Furthermore, we explored the functional mechanism of T-006. We have shown that the effects of T-006 on A53T-α-syn accumulation are lost when the cells are pretreated with MG132, a proteasome inhibitor, whereas T-006 was able to reverse the accumulation of A53T-α-syn in cells pretreated with CQ, an autophagy inhibitor, suggesting the UPS rather than the ALP is modulated by T-006. It is well documented that changes in autophagy and proteasome function when the α-syn expression is increased have been reported; however, in our model, we did not see obvious changes on the autophagy and proteasome function at 24 hours. But longer time (48h or even a few days) induction of α-syn will affect both autophagy and proteasome function in our model. Further examinations of the activities of three subunits of the 20S core particle, which is responsible for proteasomal degradation, demonstrated that the chymotrypsin-like proteasomal activity was influenced by T-006.

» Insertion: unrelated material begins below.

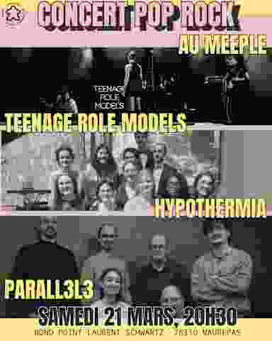 🎸 CONCERT POP ROCK AU MEEPLE 🎸 Préparez-vous pour une soirée 100% live avec trois groupes, trois univers et une seule mission : faire vibrer le Meeple 🔥 Au programme : - Teenage Role Models : énergie brute et vibes rock modernes - Hypothermia : un son intense et puissant qui ne vous laissera pas indifférents - Parall3l3 : des mélodies efficaces et une présence scénique qui envoie 📅 Samedi 21 mars ⏰ À partir de 20h30 📍 Meeple Bar - Rond-Point Laurent Schwartz, 78310 Maurepas Ambiance conviviale, bières fraîches, planches à partager et gros son toute la soirée ! Ramenez votre team et venez soutenir la scène live locale au Meeple ! On vous attend devant la scène 🤘

Recently, several small molecules have been reported to exhibit similar mechanistic neuroprotective effects. Salidroside promotes WT/A30P-α-syn clearance and preserves cell viability by recovering 20S proteasomal activity in SH-SY5Y cells [18]. Isorhynchophylline, a natural alkaloid, promotes the degradation of α-syn monomers, oligomers, and α-syn/synphilin-1 aggresomes in a panel of neuronal cells via activating the ALP [20]. Our study of the T-006-induced reduction in pathogenic A53T-α-syn accumulation highlighted that natural products could serve as a means to stimulate proteasomal activity, thereby exerting preventive and therapeutic effects against PD by promoting pathogenic protein clearance. A further assessment of target genes demonstrated that T-006 increases LMP7 gene expression, resulting in an enhancement of chymotrypsin-like proteasomal activity. LMP genes have been reported to mediate α-syn clearance with more genetic susceptibility to PD by modulating the immunoproteasome in dopaminergic neurons [45]. To date, few small molecular inhibitors of α-syn accumulation have been found that target the LMP7 gene or protein expression, but T-006 is one of them. Finally, T-006 was confirmed to promote α-syn degradation by activating the PKA/Akt/mTOR/p70S6K signaling pathway. Collectively, the evidence pointing toward the proteasome being a critical player in α-syn clearance has indicated proteasome-activating approaches can be promising therapies to prevent and reduce α-syn accumulation in PD.

Conclusions

In the present study, we demonstrated the neuroprotective effects of T-006 by the mediation of the proteasome via the activation of the PKA/Akt/mTOR/p70S6K signaling pathway. T-006 enhances proteasome activity, demonstrating its potential therapeutic application in PD treatment. More insights into the pathological aspects and molecular mechanisms of T-006 can additionally aid in the identification of other potent small molecules and the development of proteasome-enhancing or -activating therapies for PD treatment.